Facebook – check. (Come find me if you’d like!) Do I REALLY need a Facebook author page? I’d better ask around.

Over the weekend, I Twitter-ized myself. Getting familiar with that. Just learned that “RT” means “retweet.” That’s a good start.

I think I might join Goodreads because I’ve been meaning to anyhow. And that’s it. No Tumblr or Pinterest or whatever the latest social-media outlet is. (I do need to finish revising the second novel in the series, after all.)

5. Most important: keep writing! It’s way too easy to get sidetracked by social media and the business side of writing. I’m feeling pressure to be out there in the see-and-be-seen way. I’m the friendly sort, so this isn’t too hard–and I like meeting new people. (Just yesterday I virtually met Kristopher of bolobooks.com, a book reviewer–nice and smart reviewer!) However, since I’m the easily distracted type, this could be problematic.

There are more tasks, but I’m feeling a wee bit exhausted having written up my top five. OK, off to write the acknowledgments!

11 Comments

  1. I think writing the promotional blurbs is harder than writing the darned book. I miss the days when you could just stick the pages in the mail and wait for the royalties to come rolling in. Oh, wait, it was actually more like Snoopy, mail off the pages and wait for the restraining orders to come rolling in.

  2. Oh, and I read that Thursday and Friday are the big Twitter days, so maybe it’s the same for blogs. I recommend GoodReads. It’s a fun forum and provides lots of opportunities for writers to interact with readers (not that I’ve ever taken advantage of that).

    • Wait, I missed that — Snoopy and restraining orders? Promotional anything is hard. I’ve gotta metaphorically square my shoulders before entering that battle field. 🙂

      • GoodReads — definitely next on the list! I’m already inundated with TBR books, so I don’t know how that’s going to work. 🙂

  3. battlefield, one word, right?

  4. Looks like your first “battlefield” has an invisible hyphen at the line break.

  5. The beauty of doing social networking for real is that the pressure to write a longer post wanes!

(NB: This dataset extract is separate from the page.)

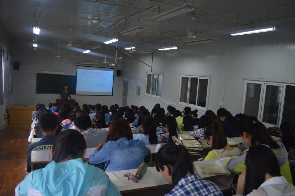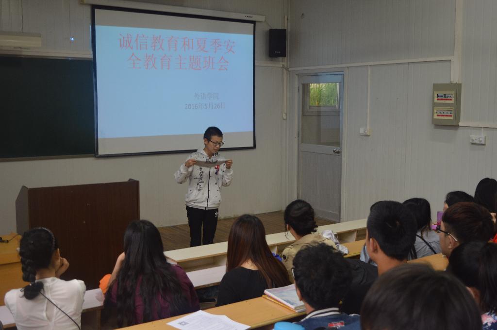 5月26日下午外语学院2015级130多同学在辅导员杨厚东老师的主持下在6405教室召开了诚信教育及夏季安全教育主题班会。

Twitter is a micro-blog. Once you’re there, you’re blogging! In a micro sort of way. (I expect the writers among you are going to scoff at that, but hey, that’s what it is!) Welcome @lisa_alber!

    • Nance! I’ve been hearing rumbles that blogging is not the thing, that, in fact, it’s just as you say: shorter “blogs” are more efficient. I’m seeing this a lot on Facebook these days. Authors like Louise Penny write long Facebook status posts, which would translate to mini-blog posts. And tweeting…yes…still getting the hang of that!

      I’m such a Luddite at heart — the “for real” part also pertains to integration between blogs, Facebook, Twitter, etcetera. Like, for example, you just commented through Twitter, right? How does that work? I don’t even know…It’s like voodoo magic or something! 🙂

  6. Congrats on your novel! I knew your career move was a good one. Where will I be able to buy your book?

    • Wow, Osman, long time! Cool! Thanks for visiting. How did you land on me, anyhow?

      You’ll be able to buy it at bookstores — if it’s not stocked, you can order it. And, of course, through Amazon.